Напрягая все силы, дюжие привратники завертели массивные шестерни, поднимая воротные решётки и опуская подъёмный мост. Осаживая лошадей, под оголтелый лай гончих, десяток охотников выехали из замка.
Куда только хватало глаз, тянулась белоснежная гладь, уходя за горизонты и сливаясь с хмурым пасмурным небом. Поля, деревья, крыши деревенских домишек – всё было укрыто толстым, слепящим от белизны, покрывалом. Марна укрылась льдом, и деревенские ребятишки, от души веселясь, устроили на ней каток. А от снега, валившего крупными хлопьями, то и дело приходилось укрывать лицо. Необычно снежная и морозная зима, редкая для этих мест, была для всех в диковинку. Даже зрелые и пожилые люди, прожившие в Шампани всю жизнь, едва могли припомнить на своём веку пару или тройку таких зим. Лишь для Альбера, родившегося на самом севере Нормандии, эта зима стала настоящим напоминанием о раннем детстве, проведённом в замке Вальмон, от названия которого он носил фамилию. Не хватало лишь солёного холодного ветра с Ла-Манша.
Дорога, которой следовали охотники, сначала шла на восток, вдоль южного берега Марны, затем постепенно сворачивала на юг, в угрюмо темнеющие вековые дубравы, в коих и находились баронские охотничьи угодья.
Как и предполагал Ги, охотиться решено было на секача.
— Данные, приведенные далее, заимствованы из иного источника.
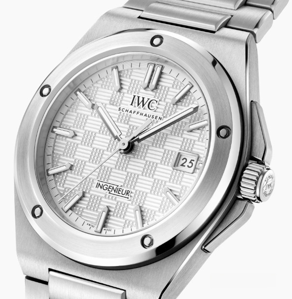 Водостойкие часы IWC Ingenieur Automatic 40 mm выпущены в корпусе из нержавеющей стали. Размер составляет 40 х 10.8 мм, водонепроницаемость 100 м. Внутри корпуса установлен автоматический механизм, Калибр 32111, обеспечивающий запас хода 5 дней. На серебристом гильошированном циферблате отображаются часы, минуты, секунды, дата. Часы комплектуются браслетом из нержавеющей стали.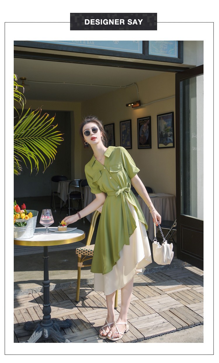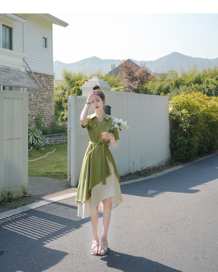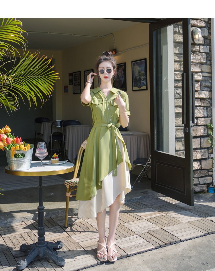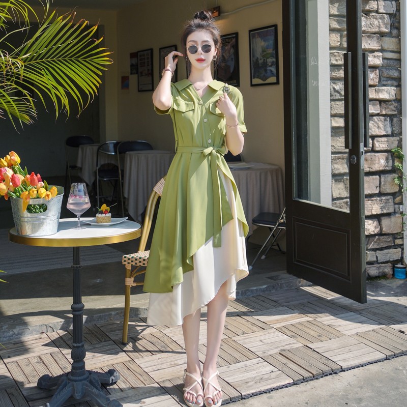 大码微胖女生polo连衣裙女夏季不规则裙子胖mm遮肚显瘦长裙

Баронесса любила свинину, да к тому же не испытывала к диким кабанам той нежности, какую испытывала к оленям. Будучи довольно опытным егерем, ведь подобные должности часто передавались от отца к сыну, Ги знал все звериные тропы в своих угодьях, да и обычная охота для господских обедов была для него чуть ли не повседневным занятием.
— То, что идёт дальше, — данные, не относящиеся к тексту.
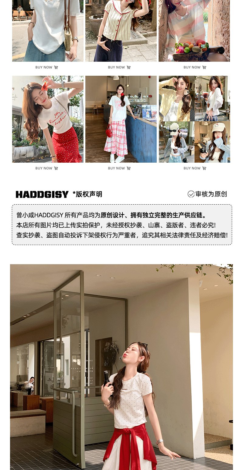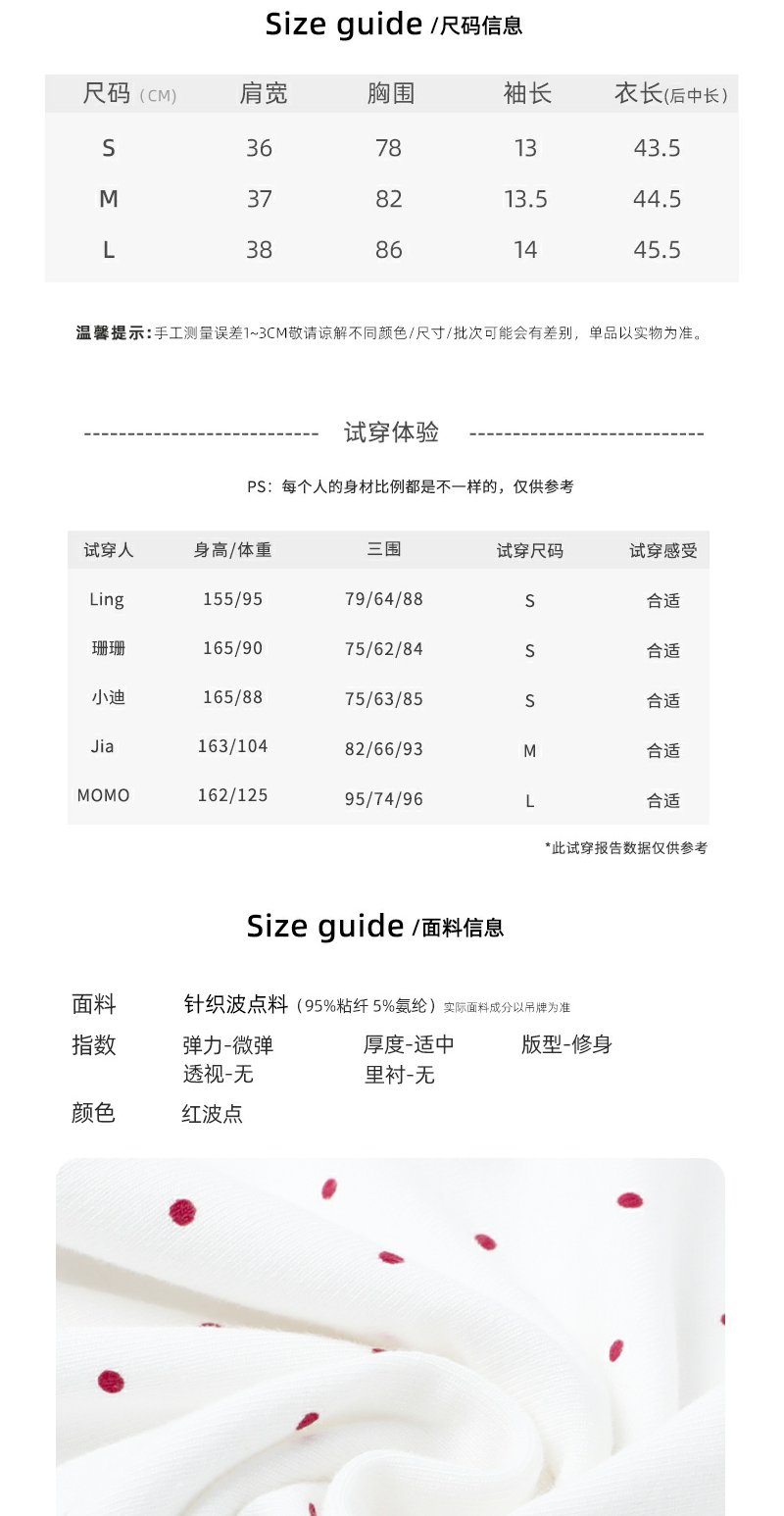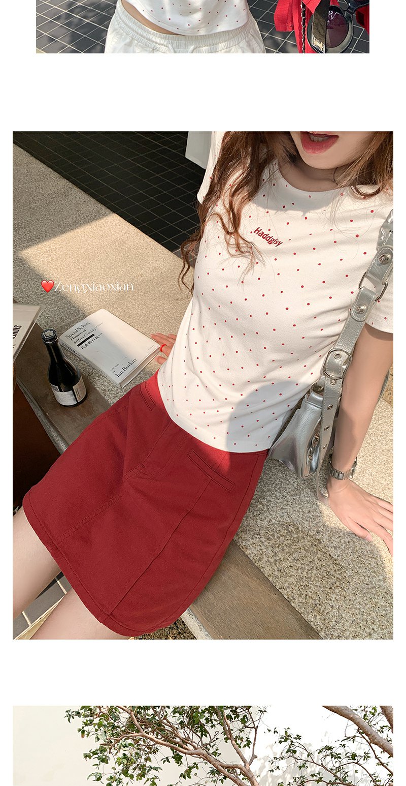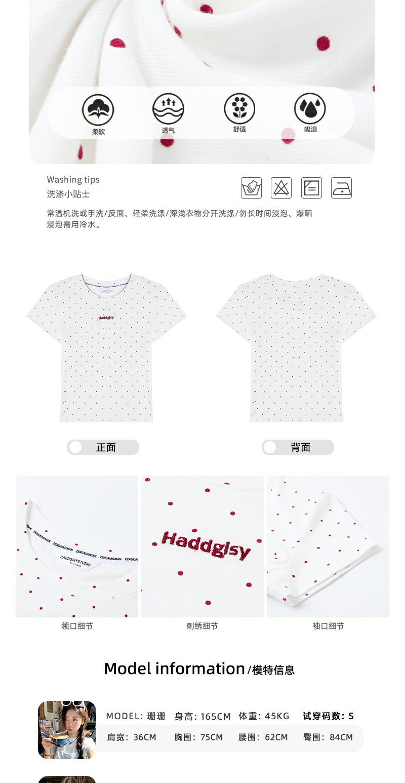 <曾小咸推荐>韩系撞色波点短袖T恤

Дабы как можно скорее напасть на нужный след, он, первым делом, отправился на солонцы – место, где дикие звери обычно грызут землю, богатую солью. Отделившись от основного отряда, он в полном одиночестве углубился в лес, прихватив с собой лишь верную матёрую легавую – английского чёрно-крапчатого сеттера. Следом за ним, чуть поодаль, держа наготове охотничьи копья, поскакали трое застрельщиков. Как и предполагал Ги, на солонцах уже было много следов, оставленных этим утром. Спрыгнув с коня и некоторое время побродив по месту, разбираясь в запутанной мозаике звериных следов, он таки нашёл ниточку, за которую можно было ухватиться. И именно по этому следу он и направил собаку.
Остальные же, во главе с Альбером и госпожой Анной, остановились в поле на окраине дубравы.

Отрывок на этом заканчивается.